Saturday, June 10, 2006

breaking the social contract

This has been bugging me lately, so I'm going to do something really girly, I'm going to blog about something that happened with a girl.

About a month ago I met someone on the F train, and asked her out for a drink. Fair enough, right?

She agreed and at the appointed time we met, and ordered a gin an tonic and she ordered...nothing!

Now, had she said that she didn't drink or whatever beforehand, or would prefer to meet for a cup of coffee, or really anything else, that would have been ok, but she agreed to meet for a drink, and it just seems like an jerky thing to do, not having one. More to the point, eating and drinking, breaking bread and cracking open a bottle of wine are the things that hold our society together. It's a violation of the social contract when you sit down at the bar for a drink, and don't even order a glass of wine to sip, or even waste.

And it pisses me off.

Thursday, June 01, 2006

Do This More Often


I’m sitting on the couch in my apartment with all the lights off, everything off except the overhead fan which is imperceptible. The storm is directly overhead and the thunder is so loud that a second ago when I looked out my window I saw my neighbor, wearing a pink halter, jump at the peal. The dog is so stressed out by this entire turn of events that she can’t sit still, and despite my attempts to coax her into sitting next to me is on her way to the tub which she thinks is the safest place in the apartment. I heard her nails clicking on the porcelain a minute ago.

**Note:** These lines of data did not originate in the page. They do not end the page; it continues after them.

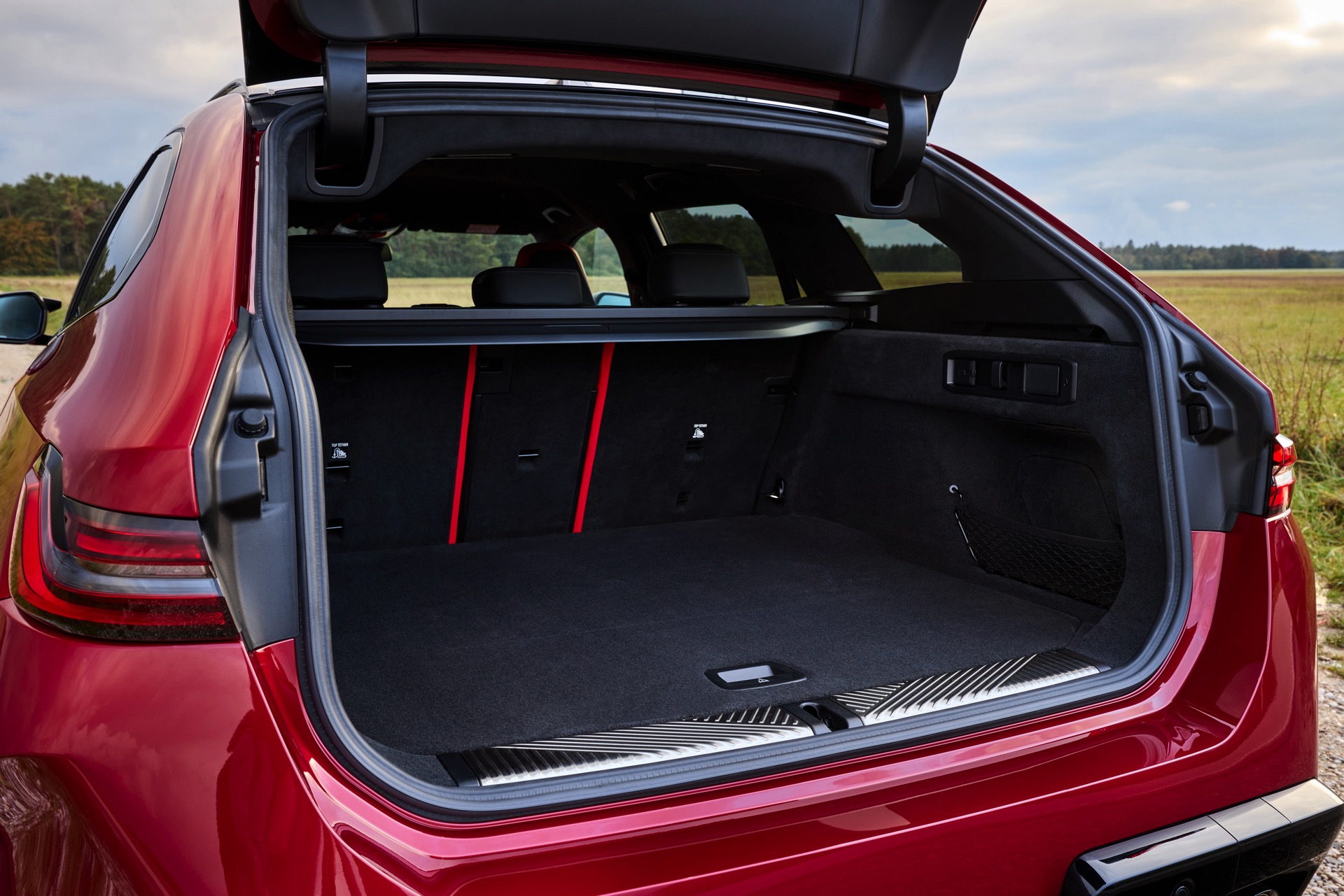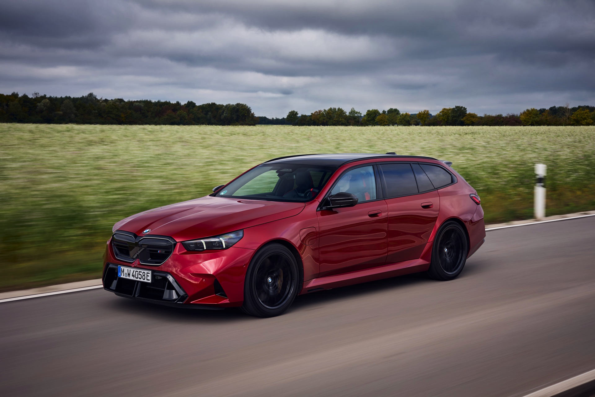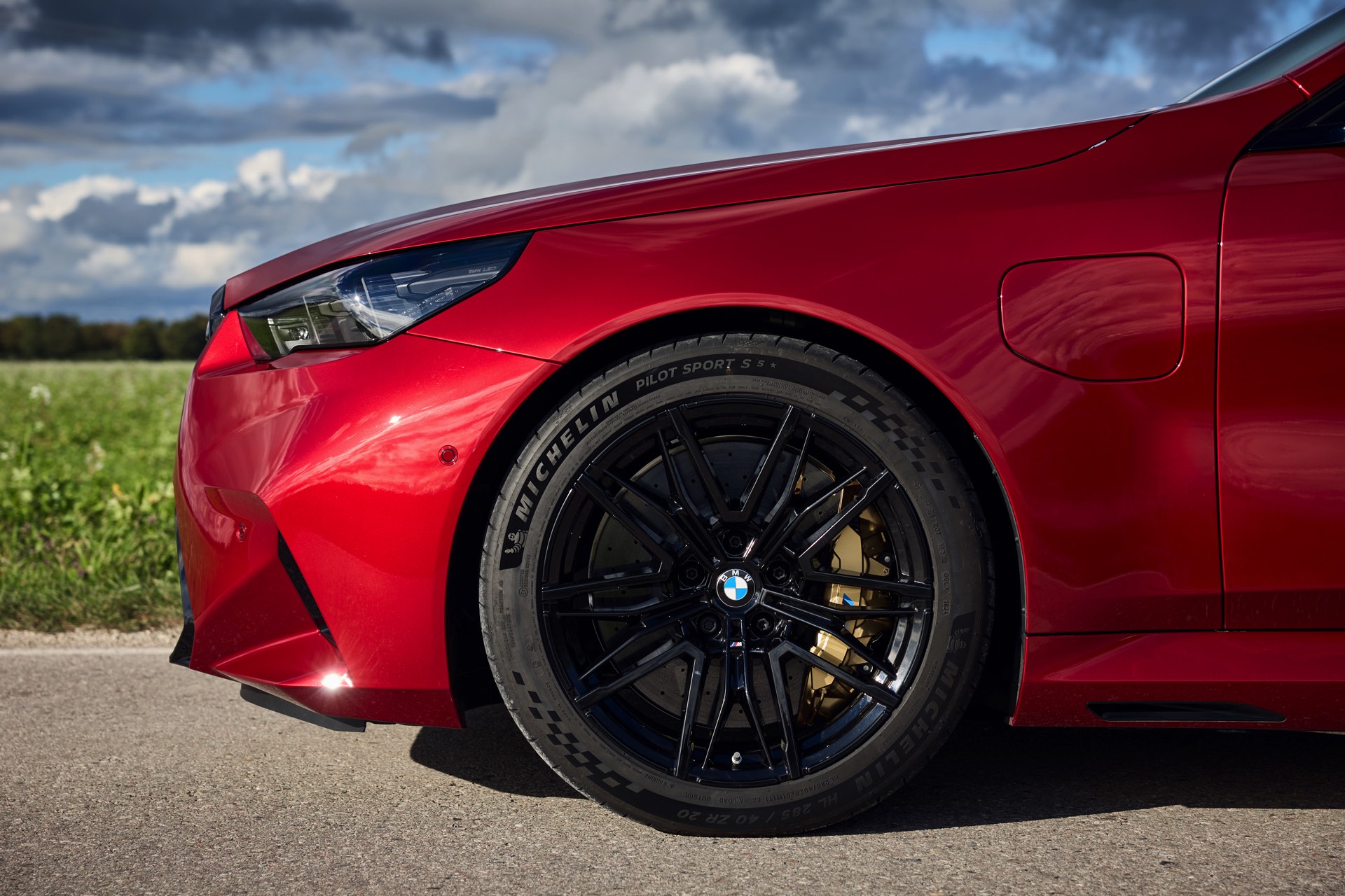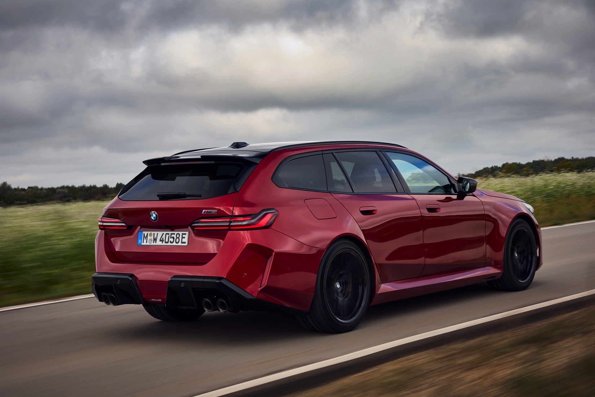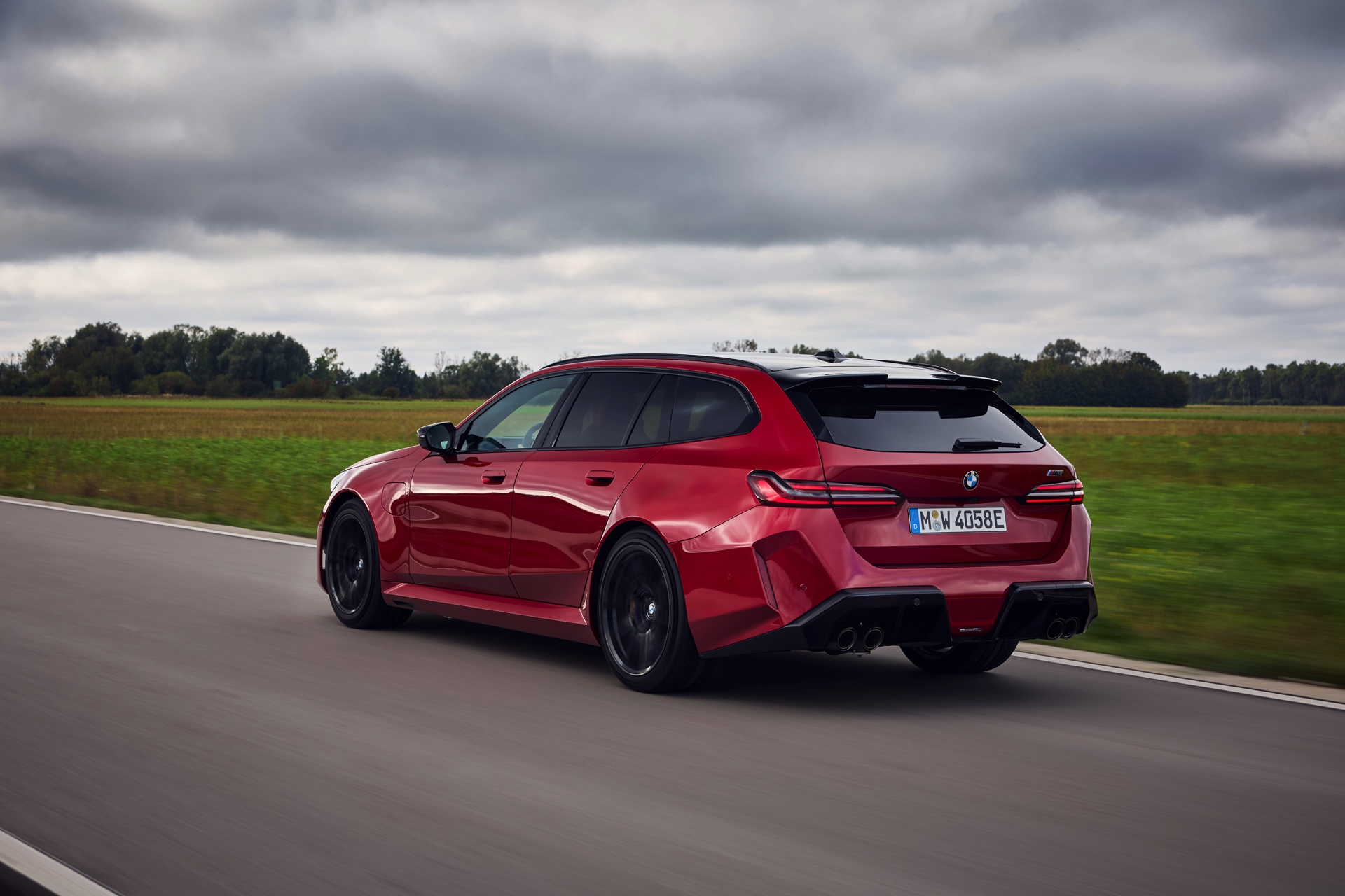Im Vergleich zum gewöhnlichen BMW 5er Touring (G61) bietet der M5 Fire Red noch mehr Platz zur Entfaltung: Die vorne wie hinten deutlich verbreiterten Kotflügel lassen den Über-Kombi aus Garching noch stämmiger auftreten, außerdem sorgen viele schwarze Elemente für einen sehenswerten Kontrast zur leuchtenden Lackierung. Der hier gezeigte M5 setzt ganz auf Rot und Schwarz, denn er trägt auch die schwarze Variante der vorne 20 und hinten 21 Zoll großen Felgen im Design Doppelspeiche 951 M.
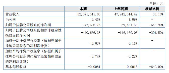 報告期內(nèi),公司實現(xiàn)營業(yè)收入3,207.15萬元,同比減少33.10%;毛利率為6.45%,凈利潤-37.76萬元,較上年同期下降643.90%。
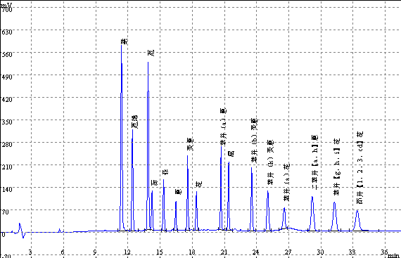 1. 苯 2.甲苯 3.间二甲苯 4.邻二甲苯 5.正十四烷 6.甲苯二异氰酸酯(I)7. 甲苯二异氰酸酯(II)9.己二异氰酸酯 10.异佛尔酮二异氰酸酯(I)11. 异佛尔酮二异氰酸酯(II) 12.二苯甲烷气体二异氰酸酯
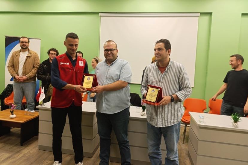 Bilim kafe etkinliği sonrasında Doğubayazıt Ahmed-i Hani Meslek Yüksekokulu Kızılay öğrenci Kulübü tarafından söyleşinin moderatörü ve organizasyonunu gerçekleştiren Öğr. Gör. Mustafa Bilirdönmez’e teşekkür plaketi takdim edildi.
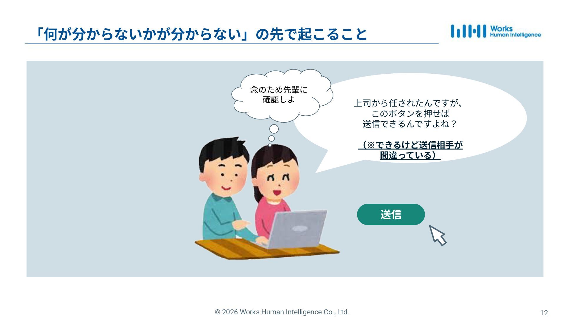 9. © 2026 Works Human Intelligence Co., Ltd. 12 「何が分からないかが分からない」の先で起こること 念のため先輩に
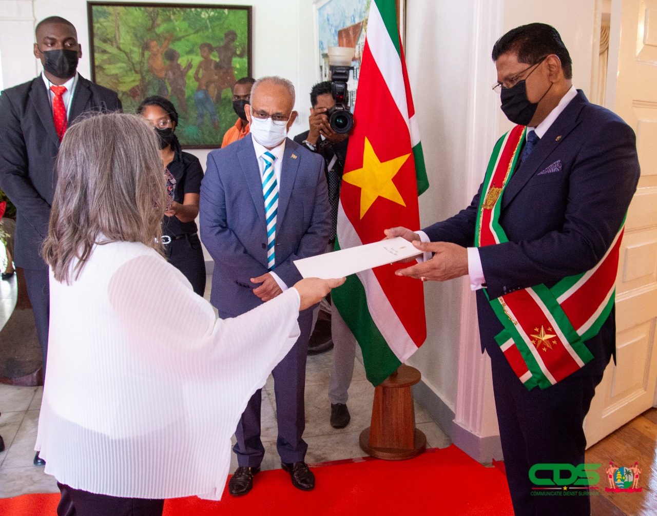 De vier niet-residerende ambassadeurs Bengü Yiğitgüden (Turkije), Mbapeua Muvangua (Namibië), Martha Cecilia Pinilla-Perdomo (Colombia) en Wellington Darío Bencosme Castaños van de Dominicaanse Republiek hebben maandag hun geloofsbrieven overhandigd aan president Chandrikapersad Santokhi op het presidentieel paleis.
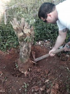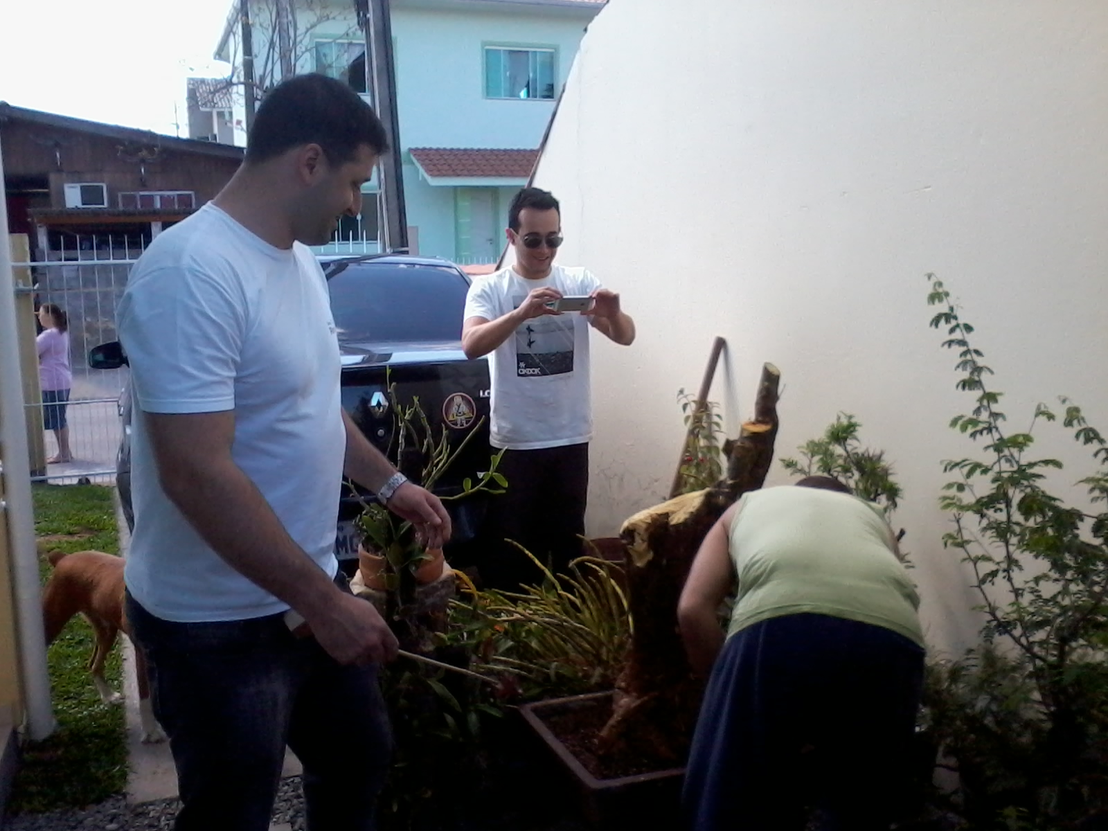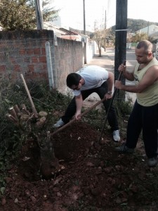 Na semana anterior com tudo marcado e uma chuva no qual nos assolava, acabou meio que dando errado e fomos eu, o Freitas e o Jonas, os guerreiros que me acordaram as seis da matina, no qual já estava marcado, mas pelo tempo ruim quase desistimos e acabou dando um certo desencontro, mas fomos lá armados de enxadão, picareta, serrote, pouca vontade e muito sono…mas fomos, chegando lá a cadelada da vizinhança nos recebeu muito bem, latindo feito loucos, daí como eu só tinha pego autorização de alguns, preferimos voltar na outra semana com mais autorizações, planta pra troca, mais confiança e mais vontade também, e assim quem sabe o Geovani não nos dava o golpe do “acabei dormindo de novo” e comparecia!!
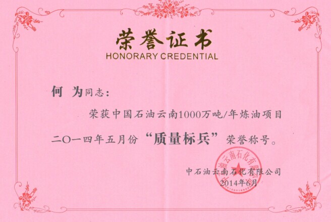 云南項目部何為同志榮獲中國石油云南1000萬噸/年煉油項目2014年5月份“質量標兵“榮譽稱號

I love the sound of a good storm.

I remember being much younger visiting North Carolina, after returning from a night of roller skating, no doubt with hillbillies and inbred stepsisters, there was the kind of storm you cannot have in New York City, the kind of storm you can only have where there is so much more sky. I still think this was the biggest thunderstorm I have ever witnessed; it seemed that way at the time.

The storm sounds like it’s moved off a bit, but judging by the sky which is constantly lit up with lightning, you wouldn’t think so, but you can tell by the thunder, that the worst has passed for the time being. The thunder is like a low roll, punctuated by enormous cracks, but the cracks are duller, are more distant, not as immediate, as they were when Kinka was considering a future in a tub that only she can sit in.

I would give anything for a porch right now, a way to be closer to this storm, but well that’s New York City for you. Still there is So Much Sound right now. . It sounds like the storm is coming back but if you count the seconds between lightning and thunder, there are too many for it to be that close, there’s no conjunction now. The rain just shifted somewhat, so instead of just the steady drizzle, there is now the patter against the air conditioner and the sounds of the storm are fading.  The human noises in the background are picking up, people shrieking, car alarms. The worst of it has definitely passed. Someone should let the dogs know.